Once the line containing "Gold snakeskin FatCarbon" is found in the data below, repeat it and every later line exactly, leaving the pictures out.

==== Input data

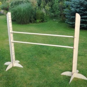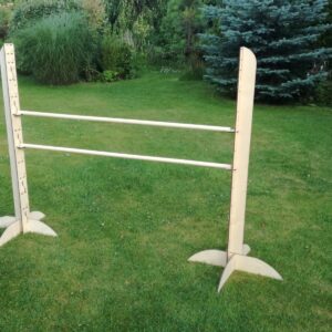 Przeszkodę możesz dowolnie pomalować, według swoich preferencji – drewno stanowi do tego znakomitą bazę! Jest łatwa w składaniu, a po złożeniu zajmuje bardzo mało miejsca.
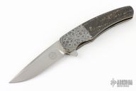 Gold snakeskin FatCarbon handle scales meet seamlessly to mosaic damascus bolsters hand forged by Prinsloo. The influence of Salem Straub, is clearly visible in the highly detailed damascus bolsters. The 3D machined, anodized titanium pocket clip is mounted for tip-up, right side carry.
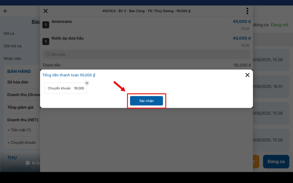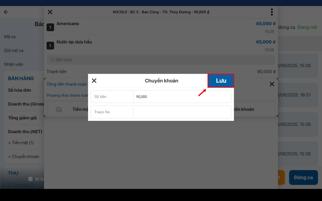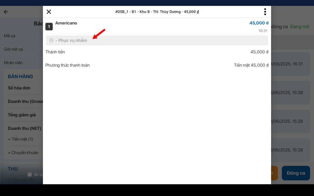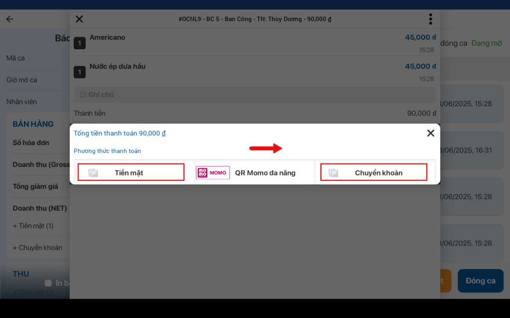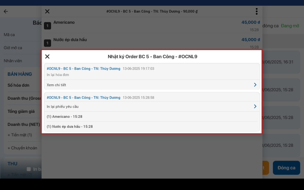 - Báo cáo chi tiết ca bán hàng

========

Finished exercise:
 Gold snakeskin FatCarbon handle scales meet seamlessly to mosaic damascus bolsters hand forged by Prinsloo. The influence of Salem Straub, is clearly visible in the highly detailed damascus bolsters. The 3D machined, anodized titanium pocket clip is mounted for tip-up, right side carry.
 - Báo cáo chi tiết ca bán hàng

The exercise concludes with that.